Introduction
Deep learning is a fascinating field of Machine Learning used to solve various complex problems that were previously unthought of. The heart of any Deep learning algorithm is Neural networks. Neural networks are based on the working of the human brain. They contain neurons and nodes that transfer information from one layer to another. The awe-inspiring working of these neural networks was considered to be enclosed in a black box that no one could see through. There was no clear idea of how they could improve. The only method was using trial and error. But all this was changed when Rob Fergus and Matthew D. Zeiler introduced ZFNet. ZFNet is named after their surname Zeiler and Fergus. ZFNet was a revolutionary way to understand how each layer of a neural network is performing. Let us see how ZFNet uncovers the secrets of neural networks.

AlexNet and ZFNet
It is important to know about AlexNet to appreciate ZFNet fully. AlexNet was the winner of ImageNet ILSRVC 2012. ImageNet ILSVRC is an annual computer vision competition. It is done on a subset of a computer vision dataset called ImageNet. It is available publically. ImageNet contains 1281167 training images, 50000 validation images, and 100,000 test images. The images are classified into 1000 classes, and the size of the data set is around 150GB. AlexNet is a convolutional neural network. It performed exceptionally well in ILSRVC 2012 and won with a considerable margin. It stacked convolutional layers on top of each other.

AlexNet was considered a massive jump in the accuracy of neural networks. The 2013 ImageNet ILSRVC was one by ZFNet. ZFNet fine-tuned AlexNet to achieve this accuracy. ZFNet actually visualized how each layer of AlexNet performs and what parameters can be tuned to achieve greater accuracy. ZFNet uses a multi-layered deconvolutional neural network to reveal the input stimuli that excite the feature maps at any layer in the model. Some technical jargons
Let us look at some important technical terms before going on to the architecture of ZFNet.

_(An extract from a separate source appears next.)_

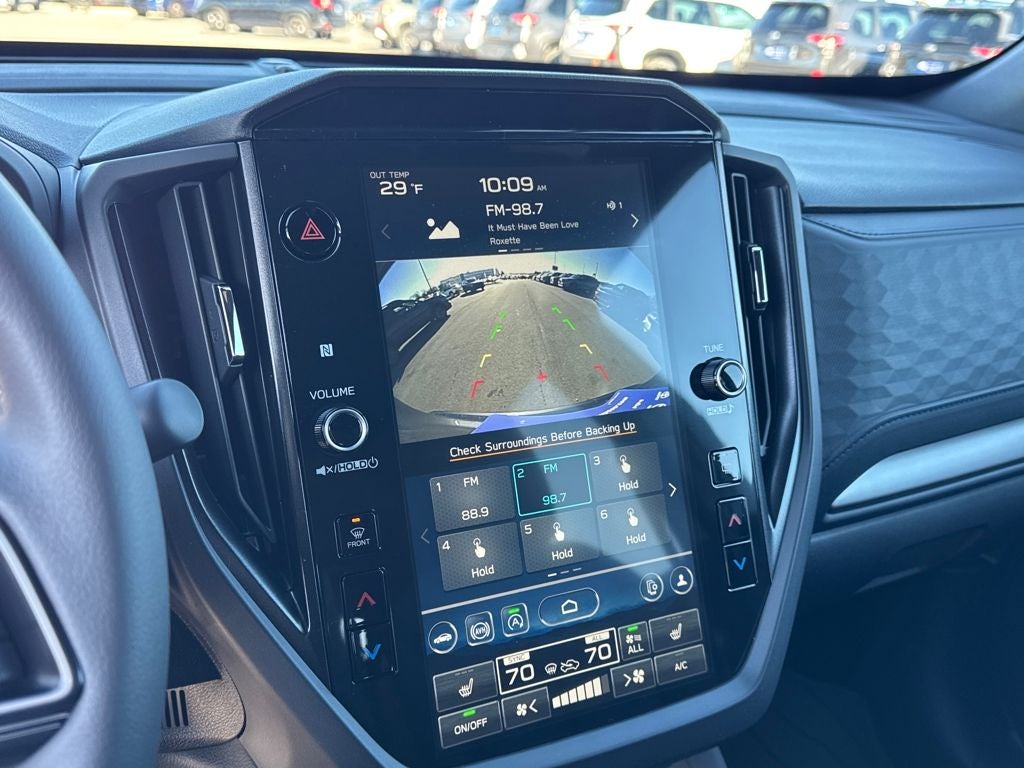 This vehicle includes the following features: Power Rear Gate and Blind Spot Detection with Rear Cross Traffic Alert (Automatic Emergency Steering, Blind-Spot Detection (BSD)/RCTA System, Emergency Lane Keep Assist, and Power Rear Gate), 4-Wheel Disc Brakes, 6 Speakers, ABS brakes, Air Conditioning, Alloy wheels, AM/FM radio: SiriusXM with 360L, Anti-whiplash front head restraints, Auto High-beam Headlights, Auto-Dimming Exterior Mirror with Approach Light, Auto-Dimming Mirror with Compass and HomeLink, Automatic temperature control, Brake assist, Bumpers: body-color, Driver door bin, Driver vanity mirror, Dual front impact airbags, Dual front side impact airbags, Electronic Stability Control, Emergency communication system: MySubaru Companion (5-years free), Exterior Parking Camera Rear, Four wheel independent suspension, Front anti-roll bar, Front Bucket Seats, Front Center Armrest, Front dual zone A/C, Front fog lights, Front reading lights, Fully automatic headlights, Heated door mirrors, Heated Front Bucket Seats, Heated front seats, Illuminated entry, Knee airbag, Leather steering wheel, LED Upgrade, Low tire pressure warning, Occupant sensing airbag, Outside temperature display, Overhead airbag, Overhead console, Panic alarm, Passenger door bin, Passenger vanity mirror, Power door mirrors, Power driver seat, Power moonroof: Panoramic, Power steering, Power windows, Premium Textured Cloth Upholstery, Radio data system, Radio: Subaru 11.6 Multimedia Plus System, Rear anti-roll bar, Rear seat center armrest, Rear window defroster, Rear window wiper, Remote keyless entry, Security system, Speed control, Speed-sensing steering, Split folding rear seat, Spoiler, Steering wheel mounted audio controls, Sunshade - Windshield, Tachometer, Telescoping steering wheel, Tilt steering wheel, Traction control, Trip computer, Variably intermittent wipers, and Wheels: 17 x 7.0 J Dark Metallic Aluminum-Alloy.

Convolutional Neural Network
It is a deep learning algorithm that performs superior to any other deep learning algorithm on image data. It takes an image as the input. It extracts its features and learns from them to give high-accuracy predictions.
Deconvolutional Neural Network
It performs all the operations performed by the convolutional neural network but in reverse. It aims to map the feature map to its corresponding image.
Kernel
A kernel is basically a filter used to extract features from the images. It is a matrix smaller than the image size that moves over the image and extracts the corresponding features.
Stride
It is the step size taken by the kernel in each direction as it moves along the image.
Convolutional layer
It is the basic block of any convolutional neural network. It contains the kernels and filters that are used to extract the features of the image.
Pooling
It is used to reduce the image size by reducing its dimensions. It takes the maximum or average from a portion of the image and then uses it as the next layer's input. It is usually placed after a convolutional layer.
Activation layer
The activation layer classifies the information carried by the neuron as useful or not. It decides whether a neuron should be activated or not.